Other considerations
Stacking
Even for a very focused team, there is a limit to the reasonable expectation of review speed. Because of this, developers will often find it useful to ‘stack’ changes by starting a follow-up PR on top of their previous work while it is in review. There are several ways to ease this process, mostly around the resolution of later revisions to the upstream PR. Ultimately, this functionality is a layer on top of the primitives described above and can be integrated into the VCS, a meta-tool, the review tool, or all three.
However, it is important to note that stacking PRs is a workflow regression and must not be abused. Used in excess, stacked PRs cause many of the same issues as large PRs. In my experience, three stacked PRs is roughly the breakeven point. Frequent stacking beyond this is an indicator of structural issues around review speed and distribution.
Release branches
Some teams have an unavoidable need for long-lived release branches due to technological or business constraints. Obviously, continuous delivery and a truly-branchless model is infeasible for them, even if they otherwise practice trunk-driven development.

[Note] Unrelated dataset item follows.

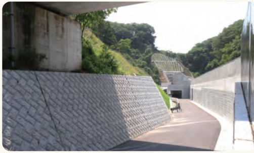
新しく完成した遊歩道

今後もよこかんみなみの工事の進捗により、一時的に閉鎖をする場合もありますので、ご利用される皆さまへはご迷惑をおかけいたしますが、ご理解とご協力をよろしくお願いいたします。

[0] Squash on merge is the best option for teams using Git with the model discussed here. Because the reviewed change set is the atomic unit of work, commit messages have no relevancy and can be discarded on merge. Other merge options that preserve commits work poorly since commits are often incomplete work states with broken/failing tests and unhelpful messages which clog the repo history.
[1] Qualitative improvements in the version control workflow are harder to convey than quantitative ones but no less real. ‘Merge hell’ and ‘rebase hell’ are both primarily consequences of the limitations inherent in Git’s model. Different tools and workflows, while not feasible for all teams, can largely eliminate them.
[2] It’s reasonable to also have a ‘name latest snapshot’ convenience feature, but it’s peripheral enough that I’m excluding it from the main list.